Task goal – Only the pictures are to be left out; write out the rest of the data exactly.

Data for this exercise –
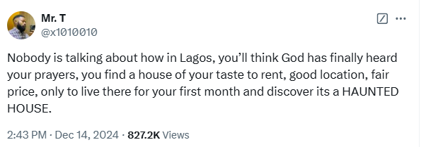 @x1010010 said: “Nobody is talking about how in Lagos, you’ll think God has finally heard your prayers, you find a house of your taste to rent, good location, fair price, only to live there for your first month and discover its a HAUNTED HOUSE.”
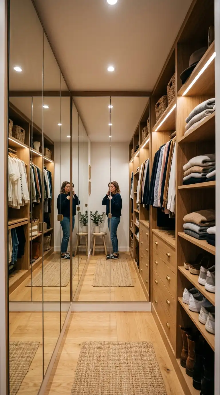 Cover one or more walls with mirrors to visually double the space in a small walk-in. Full-length mirrors are practical for outfit checks and reflect light, making the room feel larger and brighter. Use frameless mirrors for a seamless look, or incorporate mirrored panels into cabinetry doors.
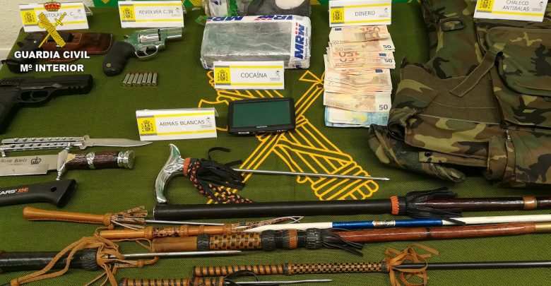 munición, dos pistolas de aire comprimido, varias armas blancas (un puñal, un hacha, navajas y varios bastones estoques catalogados como armas prohibidas), un chaleco antibalas, 7.000 Euros en efectivo y otros efectos, así como dos vehículos utilizados para la comisión de los hechos delictivos.
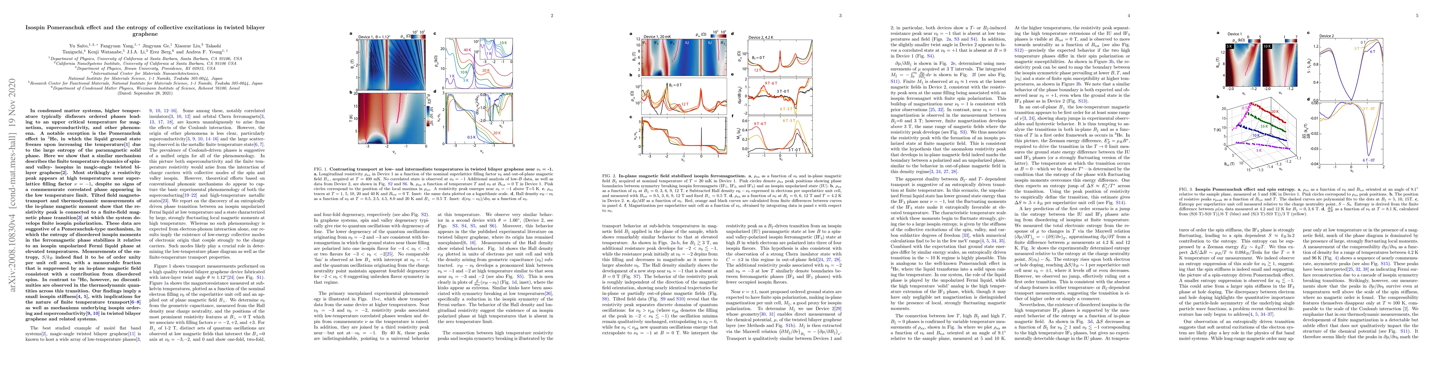In condensed matter systems, higher temperatures typically disfavors ordered phases leading to an upper critical temperature for magnetism, superconductivity, and other phenomena. A notable exception is the Pomeranchuk effect in 3He, in which the liquid ground state freezes upon increasing the temperature due to the large entropy of the paramagnetic solid phase. Here we show that a similar mechanism describes the finite temperature dynamics of spin and valley-isospins in magic-angle twisted bilayer graphene. Most strikingly a resistivity peak appears at high temperatures near superlattice filling factor nu = -1, despite no signs of a commensurate correlated phase appearing in the low-temperature limit. Tilted field magnetotransport and thermodynamic measurements of the inplane magnetic moment show that the resistivity peak is adiabatically connected to a finite-field magnetic phase transition at which the system develops finite isospin polarization. These data are suggestive of a Pomeranchuk-type mechanism, in which the entropy of disordered isospin moments in the ferromagnetic phase stabilizes it relative to an isospin unpolarized Fermi liquid phase at elevated temperatures. Measurements of the entropy, S/kB indeed find it to be of order unity per unit cell area, with a measurable fraction that is suppressed by an in-plane magnetic field consistent with a contribution from disordered physical spins. In contrast to 3He, however, no discontinuities are observed in the thermodynamic quantities across this transition. Our findings imply a small isospin stiffness, with implications for the nature of finite temperature transport as well as the mechanisms underlying isospin ordering and superconductivity in twisted bilayer graphene and related systems.
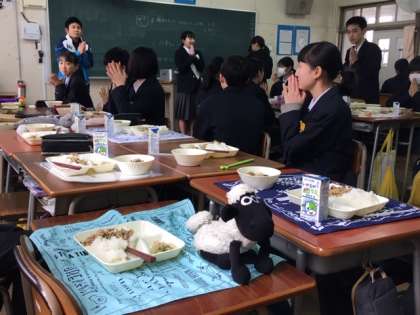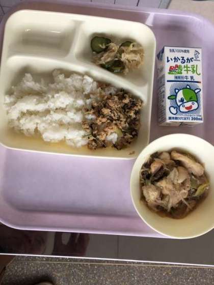 今日の給食献立は、ご飯・すき焼煮・ツナっ葉炒め・もやしときゅうりの生姜漬け・牛乳です。
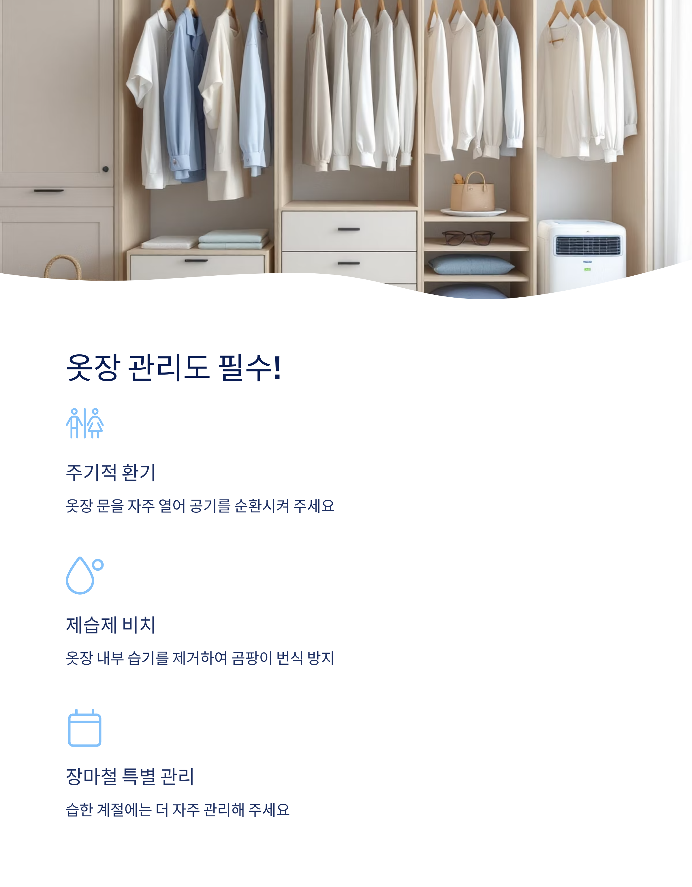 주기적으로 문을 열어 환기를 시켜주세요. 장마철에는

Response –
 @x1010010 said: “Nobody is talking about how in Lagos, you’ll think God has finally heard your prayers, you find a house of your taste to rent, good location, fair price, only to live there for your first month and discover its a HAUNTED HOUSE.”
 Cover one or more walls with mirrors to visually double the space in a small walk-in. Full-length mirrors are practical for outfit checks and reflect light, making the room feel larger and brighter. Use frameless mirrors for a seamless look, or incorporate mirrored panels into cabinetry doors.
 munición, dos pistolas de aire comprimido, varias armas blancas (un puñal, un hacha, navajas y varios bastones estoques catalogados como armas prohibidas), un chaleco antibalas, 7.000 Euros en efectivo y otros efectos, así como dos vehículos utilizados para la comisión de los hechos delictivos.
In condensed matter systems, higher temperatures typically disfavors ordered phases leading to an upper critical temperature for magnetism, superconductivity, and other phenomena. A notable exception is the Pomeranchuk effect in 3He, in which the liquid ground state freezes upon increasing the temperature due to the large entropy of the paramagnetic solid phase. Here we show that a similar mechanism describes the finite temperature dynamics of spin and valley-isospins in magic-angle twisted bilayer graphene. Most strikingly a resistivity peak appears at high temperatures near superlattice filling factor nu = -1, despite no signs of a commensurate correlated phase appearing in the low-temperature limit. Tilted field magnetotransport and thermodynamic measurements of the inplane magnetic moment show that the resistivity peak is adiabatically connected to a finite-field magnetic phase transition at which the system develops finite isospin polarization. These data are suggestive of a Pomeranchuk-type mechanism, in which the entropy of disordered isospin moments in the ferromagnetic phase stabilizes it relative to an isospin unpolarized Fermi liquid phase at elevated temperatures. Measurements of the entropy, S/kB indeed find it to be of order unity per unit cell area, with a measurable fraction that is suppressed by an in-plane magnetic field consistent with a contribution from disordered physical spins. In contrast to 3He, however, no discontinuities are observed in the thermodynamic quantities across this transition. Our findings imply a small isospin stiffness, with implications for the nature of finite temperature transport as well as the mechanisms underlying isospin ordering and superconductivity in twisted bilayer graphene and related systems.
 今日の給食献立は、ご飯・すき焼煮・ツナっ葉炒め・もやしときゅうりの生姜漬け・牛乳です。
 주기적으로 문을 열어 환기를 시켜주세요. 장마철에는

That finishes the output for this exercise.